Resetting The Video Currency

Although Jim Daily, managing director for North America at Teads, acknowledged a majority of video ads are pre-roll and are priced on a CPM basis, the In-Read format aims to let publishers offer more flexibility in pricing around completed views.

“The market is accustomed to things they’re used to, which happens to still be pre-roll, but pre-roll, like the banner, will come under intense scrutiny this year,” Forbes’ Howard predicted. “The more viewability tracking that enters pre-roll, the more that you can detect the player size and the resolution and advertisers will have a wakeup call.”

The argument that viewability will drive up CPMs is too simplistic a way to assess the evolution at hand, some experts say.

Market demand will ultimately dictate pricing conditions, said David Hahn, SVP of product management for ad verifier Integral Ad Science, which bought video measurement company Veenome last week.

“The viewability discussion indicates [that] the supply and demand curve needs to be reset,” he said. “Once the sell side can prove out how viewable or how much ‘quality’ is inherent in the media, the demand will say, ‘that’s valuable to me’ and the prices will go up. However, let’s say there’s only one guy in the bid chain who wants it, they’re going to get a very good deal.”

Hahn’s point answers a common argument that advertisers shouldn’t have to pay a premium for viewable impressions.

“Supply and demand will obviously dictate where pricing will end up, but you might think that to a certain extent, you could lower your effective CPM by packaging viewable and non-viewable impressions together,” Glenn added.

In the burgeoning video ads ecosystem, there’s arguably no middle ground between the scarce premium publisher inventory, which commands sky-high CPMs and the cheaper long-tail stuff sometimes associated with open exchanges.

As more nuanced pricing parameters come into play, experts say it will diversify the supply chain. Player size, page proximity, device type and audibility are additional factors to weigh in with video, since the experience is so contextual.

Some of the video DSPs are letting buyers optimize against “Viewable Impression” or “Viewable Complete,” both suiting different campaign goals. For instance, buying on viewable completion is one way to guarantee an ad had a better chance of achieving brand impact.

“The hard thing will be to scale, and I don’t mean scale in that there’s not enough viewable impressions out there,” said Brian Mandelbaum, CEO of video ad platform Clearstream, which recently launched a private marketplace where advertisers can bid based on viewability percentages and where the market price varies based on percent time in view.

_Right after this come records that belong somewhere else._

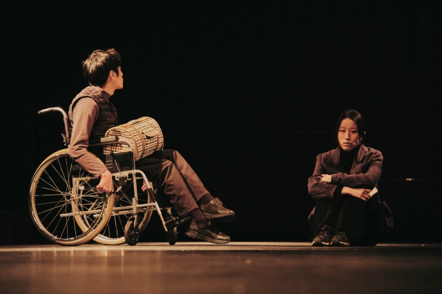No End, Only Silence is a disaster narrative and a fable devoid of any lesson. With the world on the brink of destruction, two individuals in wheelchairs, Fil and Van, along with their dog, are unable to board an evacuating spaceship and are thus left behind. As they face an uncertain future, a parallel narrative unfolds aboard the spaceship. Onboard, a boy and a girl, who concealed their scars to gain entry, are unable to find seats. As they wait for the impending, yet unknown, end of the world, they talk about “the future that came first,” while those those who wander talk about “the repeating past.” Sohee Youn invites the audience to contemplate an unendurable future where time, unlike in capitalism, holds no value and beginnings and endings are uncertain.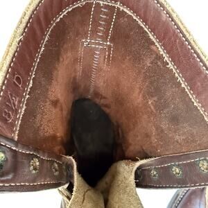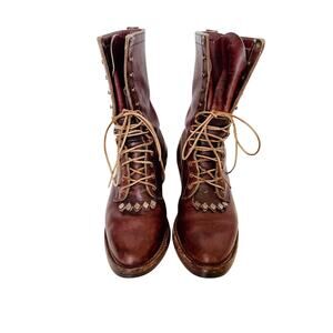 These shoes were purchased to be used as wardrobe for a tv production. The leather is great quality and the boots have a nice weight, definitely feels like a well made boot. The studio added distressed silver embellishments on the top and the boots have general wear but they are in overall good vintage condition.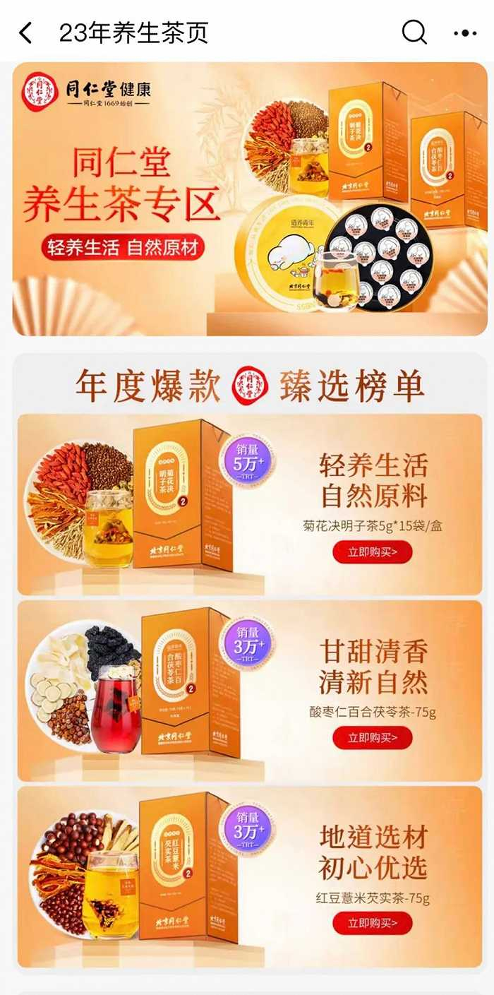 同仁堂等传统滋补品牌更注重养生品类,以红豆薏米芡实茶、人参桂圆红枣枸杞茶、人参五宝茶等作为镇店茶品。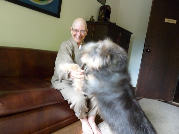 If I am not entirely at ease with the structure and forms, it is not at all difficult to feel at ease with the abbot—Shinge Roko Sherry Chayat. She comes to our interview with her dog, Nikita. Throughout the conversation she’s relaxed and informal. She pauses reflectively before answering my questions, and her responses are cogent and articulate. She interviews well. One of her students tells me that he sees in her someone who genuinely embodies the Four Vows.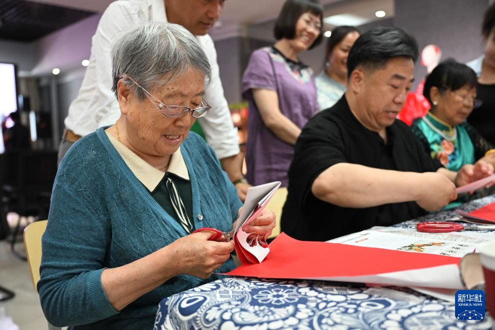 6月20日,剪纸艺术家在呼和浩特职业学院美术馆创作剪纸作品。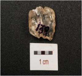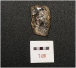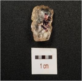 | Description / विवरण | Blade, made on crystal, one partly broken mid ridge with flake scars and ripple marks on dorsal side, diffused bulb on ventral side, broken along at distal end, use wear marks on cutting edges and triangular in section. |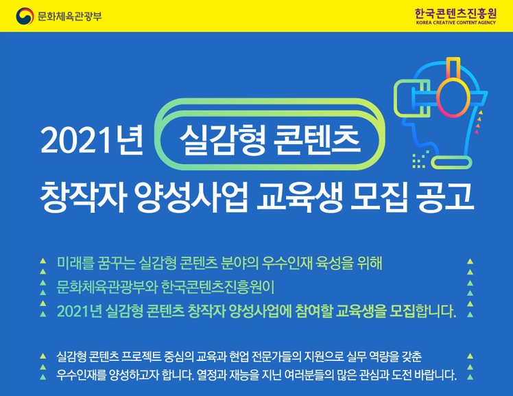 【 청년일보 】 문화체육관광부와 한국콘텐츠진흥원은 '2021년 실감형 콘텐츠 창작자 양성사업'에 참여할 140여 명의 교육생을 오는 6월 4일까지 모집한다.
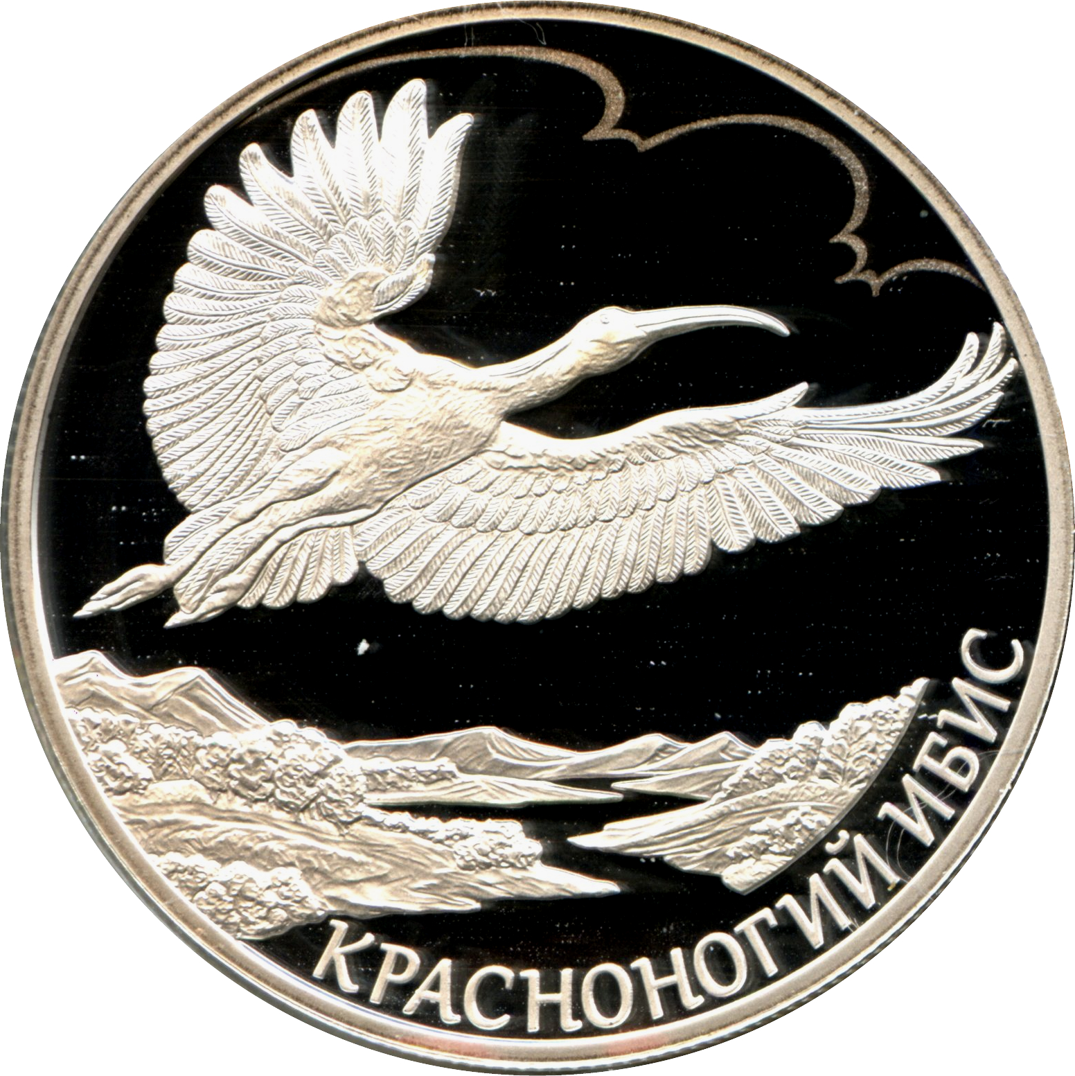 Описание: Рельєфне зображення літаючого японського ібіса; внизу є напівкругла напис: «КРАСНОНОГИЙ ИБИС» (ЯПОНСЬКИЙ ІБІС).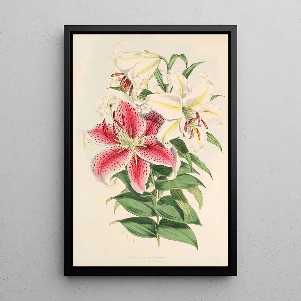 Lilium auratum var Parkmanm : a delicate celebration of nature Lilium auratum var Parkmanm, an art print by Walter Hood Fitch, is a captivating representation of floral beauty. This botanical illustration, created with remarkable precision, highlights the delicate petals and vibrant nuances of this lily variety. The vivid colors, ranging from golden yellow to deep red, create a warm and inviting atmosphere. Fitch's technique, combining watercolor and drawing, captures the intricate details of the flower, from the veining of the petals to the lush leaves surrounding it. This art print invites attentive contemplation, revealing the complexity and harmony of nature. Walter Hood Fitch: a pioneer of botanical illustration Walter Hood Fitch is recognized as one of the greatest botanical illustrators of the 19th century. Born in 1817, he dedicated his life to the study and depiction of plants, influenced by scientific advances of his time and a passion for botany. Fitch collaborated with many renowned botanists, contributing to prestigious publications such as "The Botanical Magazine." His unique style, characterized by meticulous attention to detail and a vibrant color palette, paid homage to the beauty of plants while serving as an educational tool. Lilium auratum var Parkmanm is a perfect example of his talent and commitment to science and art. A decorative art print with multiple virtues The art print of Lilium auratum var Parkmanm is an ideal choice to enhance various living spaces, whether in a living room, office, or bedroom. Its printing quality guarantees faithful reproduction of the colors and details of the original work, adding a touch of elegance and sophistication to your interior decor. This artwork, with its undeniable aesthetic appeal, can serve as a focal point in a room or as a complementary element to other art prints. By integrating this canvas into your decor, you invite the beauty of nature into your home while celebrating the artistic legacy of Walter Hood Fitch.
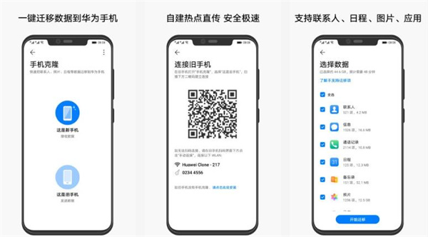 手机克隆app苹果版无需连接外部热点,而是自建热点使用局域网进行传输,在旧手机中打开软件,选择需要传输的数据后,使用新手机扫码旧手机生成的二维码一键连接热点,即可开始传输,传输速度最快可达10M/S,不花一分钱快速完成手机搬家。

“The question is, are advertisers willing to pay for what the true value is to achieve a viewable campaign?” he said. “You can debate 50% or 60% in-view, but it doesn’t matter. It’s about time and, out of 20 seconds, what was the percentage opportunity to run in-view?”

Can Viewability Standards Translate to Mobile?

Until browser-based viewability issues are solved, mobile is barely a blip on the radar. But because some publisher audiences are now more than 50% mobile, it’s another lingering challenge the industry has yet to solve, SheKnows’ Glenn said.

Because mobile users are highly engaged with their devices, the bar is even higher.

Some companies are developing formats to address this problem, such as video ad platform Unruly, which develops in-feed formats that mimic the experience of Facebook in-app video.

It also has a programmatic buying platform called UnrulyX, which allows advertisers to bid on viewable impressions from premium publishers like USA Today and IDG Tech. UnrulyX has hooks in to Index Exchange for access to programmatic demand from trading desks and DSPs.

“Once the video has been triggered by coming into the viewable area on the smartphone, our billing event is three seconds of viewability, so it’s a bit ahead of the MRC threshold,” said Unruly’s founder and CEO, Scott Button.

“We’re only able to bill for inventory when the three-second threshold has been met, so it’s basically guaranteeing, in a programmatic environment, that every impression you’re buying will be viewable regardless of which third-party platform you used for verification.”